In the Asia-Pacific region, Kamarulzaman said,
health care givers miss the opportunity to
prophylax, or treat, patients before they develop
these symptoms. Persons with HIV/AIDS only
present themselves after they have already
developed AIDS.
Lack of awareness about the disease, fear
of disclosure and lack of community-based support
were some of the reasons she cited for infected
individuals not seeking out medical help.
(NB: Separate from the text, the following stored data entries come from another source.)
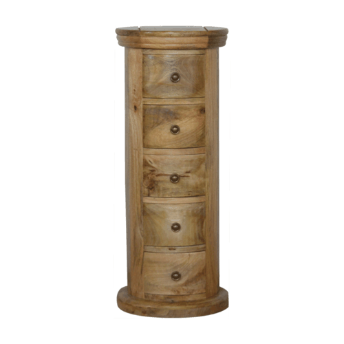 Crafted from 100% solid mango wood, this elegant five-drawer drum chest combines functionality with rustic charm. Featuring five spacious drawers, it provides ample storage for small essentials like keys and loose change, while the top surface is perfect for showcasing photos, ornaments, or collectibles. Each drawer is adorned with polished knobs and finished in a warm oak tone, enhancing its classic appeal. Versatile in design, this piece can serve as a bedside table, end table, or occasional table. Expertly handcrafted in a country style, it showcases traditional woodworking techniques such as wooden pegs, grooves, and breadboard joints for lasting durability and timeless beauty.
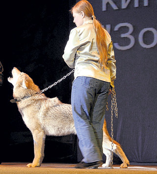 Получив приз, волчица Гера исполнила на сцене победную песнь
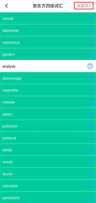 4. 进入对应的界面后,可点击右上角的“批量导入”功能按钮来导入单词。
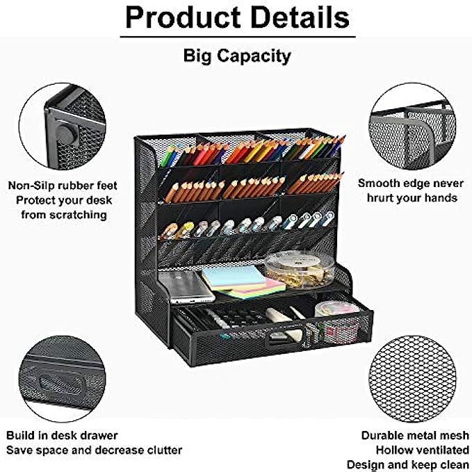 Marbrasse Mesh Desk Organizer, Multi-Functional Pen Holder, Pen Organizer for desk, Desktop Stationary Organizer, Storage Rack for School Home Office Art Supplies (Black Mesh Pen Holder with Drawer)
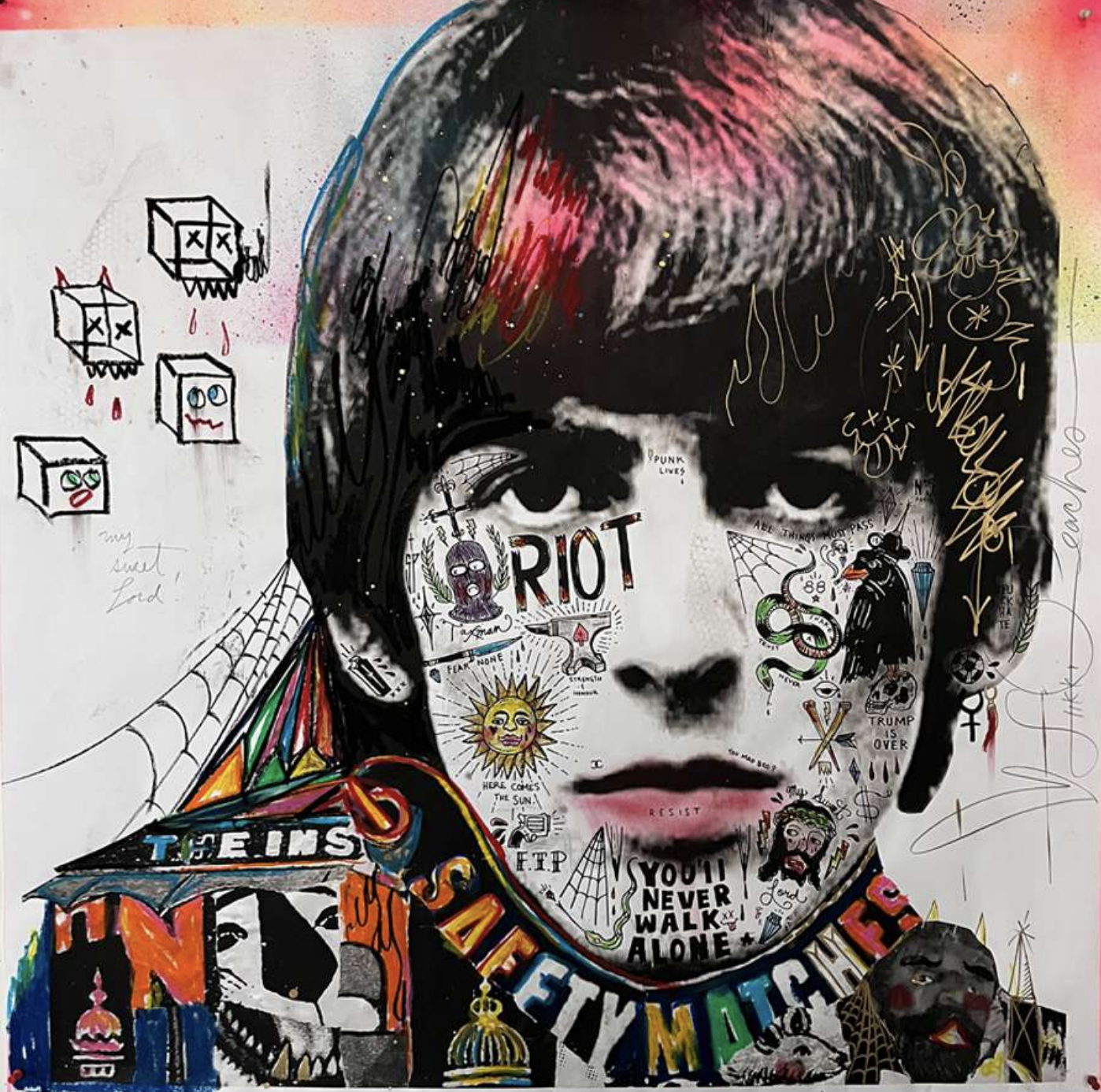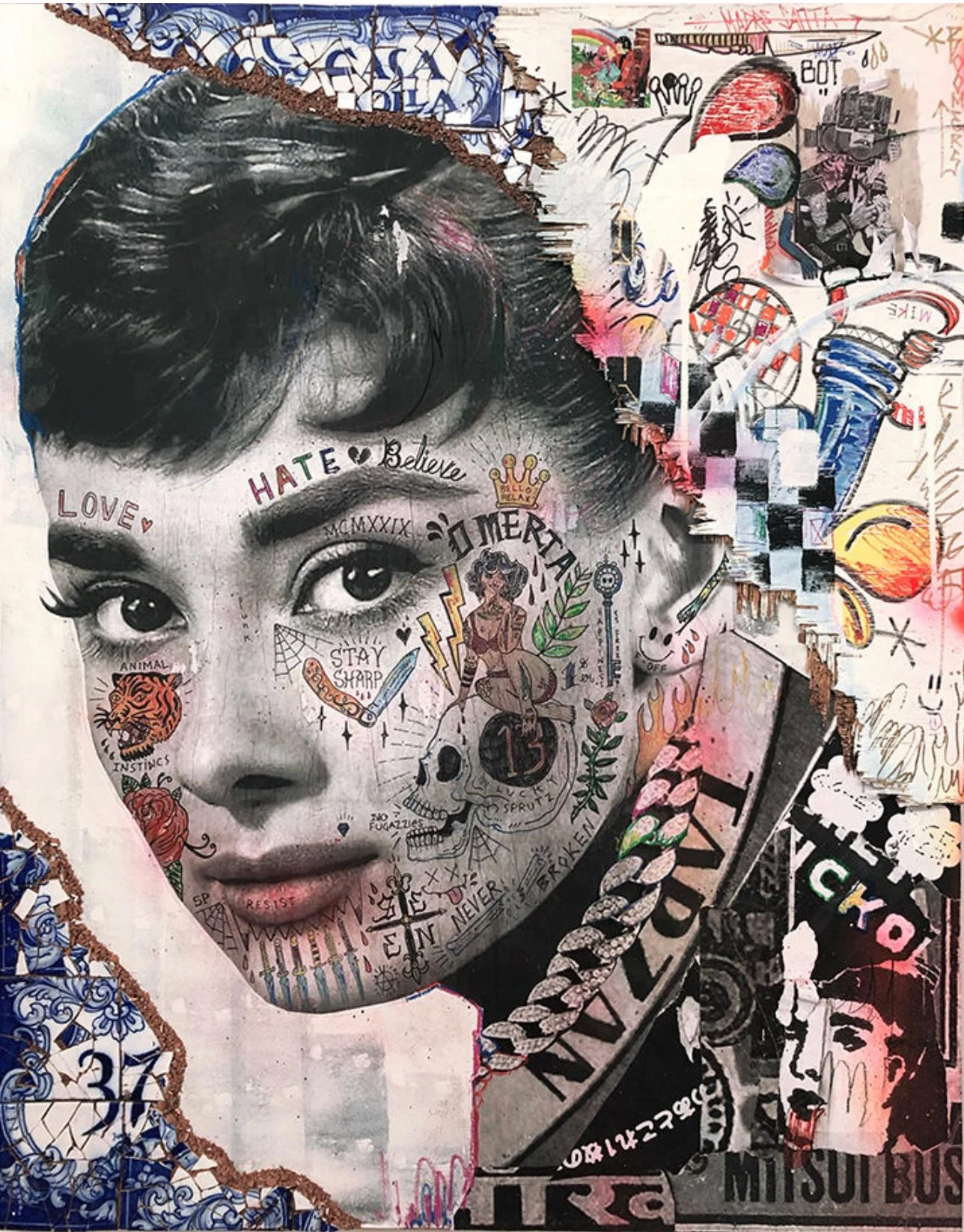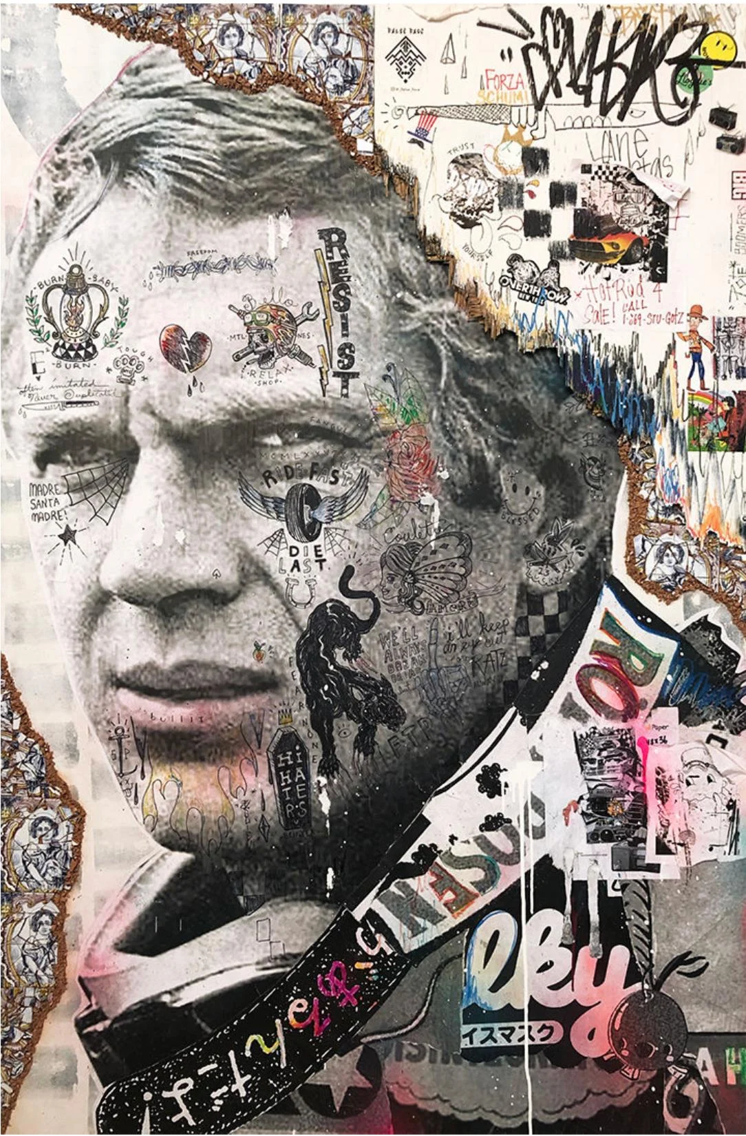 Stikki Peaches, a pseudonymous street artist from Montreal, Quebec, blends pop culture, street art, and social commentary in his work. Known for his large-scale portraits of music legends and playful character mash-ups, his art evokes nostalgia and invites reflection on the intersection of media and society. His distinctive style, marked by layering, mixed media, and punk influences, embodies “beautifully controlled chaos.” Since 2009, his work has appeared on public spaces, gaining global recognition while maintaining his anonymity. Stikki Peaches bridges street art and traditional art, emphasizing accessibility and posing the question: “What if Art Ruled the World?”

Others spoke out about the need for funding
and political commitment for treatment for
HIV-positive people.
"It's our right to get treatment," said
Celina D'Costa, Vice President of the Indian
Network of People Living with HIV/AIDS and
noted Indian AIDS activist. "Just because
we have HIV it's not that we're aliens. The
matter is of the poor and the rich. Those who
have money get treatment, those who are poor
have to die."
Economic factors are very important in obtaining
treatment for HIV-positive people. Antiretroviral
drug therapies are extremely expensive and
beyond the financial reach of most infected
people in the developing world. Current trade
restrictions do not allow cheaper generic AIDS
drugs to be sold to developing countries--though
South Africa won a court case earlier this
year allowing it to import cheaper drugs even
though pharmaceutical companies with patents
were operating and selling domestically.
According to Dr. Mary Moran of Medecins Sans
Frontieres, the World Trade Organization is
expected to issue a declaration to clarify
the position of developing countries vis-a-vis
AIDS drugs. After the victory in South Africa,
she said, the declaration could be expected
to be positive.
Professor
Vella, President of the International AIDS
Society,
estimated the cost of fighting
the HIV/AIDS pandemic in developing nations
to be between seven and nine billion US dollars. "This
cost should be met by the rich countries, the
countries of the 'North'," he said.
According to Vella it is in the interest of
developed countries to make globalization fair
and to help combat HIV/AIDS in the developing
world. This sentiment may not be shared by
pharmaceutical companies in the West, which
presently own patents on all antiretroviral
drugs.
The United States, Australia, Canada, Japan
and Switzerland are sponsoring another declaration
that outlines the arguments of transnational
pharmaceutical companies ands calls for a compromise.
The WTO Ministerial meeting, where this issue
will be settled, will take place in earlier
November in Qatar.
During the lunch break delegates, toting the
distinctive yellow conference satchels, discussed
the morning sessions and exchanged information
on AIDS programs in their respective countries.
More than 3,000 delegates from the region have
registered for the conference, though some,
especially delegates and speakers from the
United States, chose not to attend following
the September 11 terrorist attacks in New York
and Washington DC.
The fall-out from the attacks worried some
attendees of the congress.
At a symposium on the declaration of the United
Nations Special Session for AIDS, Ambassador
Penny Wensley of Australia addressed this concern.
"There is a real risk that we will lose
the momentum we gathered at the special session," she
said. "We have to be able to deal with
the war on terrorism and still maintain the
war against AIDS."
With terrorism now preeminent on the political
agendas of many countries, delegates are worried
that HIV/AIDS will not be given the attention
and support it requires.
"The tragedy of September 11 may have
an impact on the dedication of governments
towards HIV/AIDS," said Vella. "I
hope it won't become a second, or a third priority."
The conference forged ahead, however, with
over 40 plenary sessions, sub sessions and
workshops taking place on Saturday. Prevention
and strategies to stop transmission will be
the main themes on Sunday, though sub-sessions
will continue on all four themes including
Treatment and Care, Gender and Sexuality and
Socio-economic Determinants of HIV/AIDS.